_Input data_
^^^^^^^^
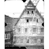 Die erstgenannte Maßnahme dokumentiert gegenüber den kleineren Öffnungen des 13./14. Jh. ein gesteigertes Bedürfnis nach Helligkeit, während der Einbau der Ladeluken zumindest den obersten Fachwerkstock und das gesamte Dachwerk als Lagerraum ausweisen. In diesem Zusammenhang steht auch die Verstärkung des Dachwerkes durch den Einbau von stehenden Stühlen, eine Maßnahme, die im rückwärtigen älteren Dachabschnitt nicht notwendig wurde, da hier schon von Anfang an ein stehendes Stuhlgerüst abgezimmert worden war.
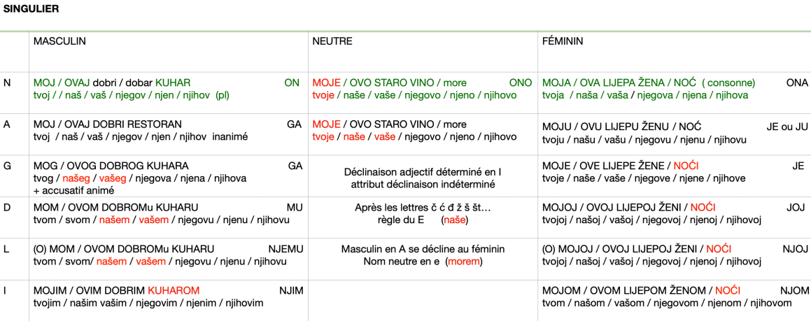 Apprendre Ă dĂ©cliner ensemble les trois (article, adjectif, nom) car les dĂ©clinaisons ont une logique de groupe. Il y a une obligation de marquage du cas en commençant par la gauche (l’article, par exemple) et un principe d’Ă©conomie (si le cas est dĂ©jĂ marquĂ©, on met un marquage faible E ou EN).
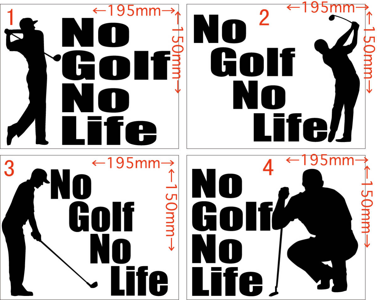 > No Golf No Life (ゴルフ) (4種中1点選択) カッティングステッカー 耐水・耐候 車やバイクのワンポイントやキズ隠しに
^^^^^^^^
_Required action_
Begin at the line containing "Apprendre Ă dĂ©cliner" and stop at the last line of the data. Repeat only those lines, exactly, and leave out the pictures.

_Answer space_
 Apprendre Ă dĂ©cliner ensemble les trois (article, adjectif, nom) car les dĂ©clinaisons ont une logique de groupe. Il y a une obligation de marquage du cas en commençant par la gauche (l’article, par exemple) et un principe d’Ă©conomie (si le cas est dĂ©jĂ marquĂ©, on met un marquage faible E ou EN).
 > No Golf No Life (ゴルフ) (4種中1点選択) カッティングステッカー 耐水・耐候 車やバイクのワンポイントやキズ隠しに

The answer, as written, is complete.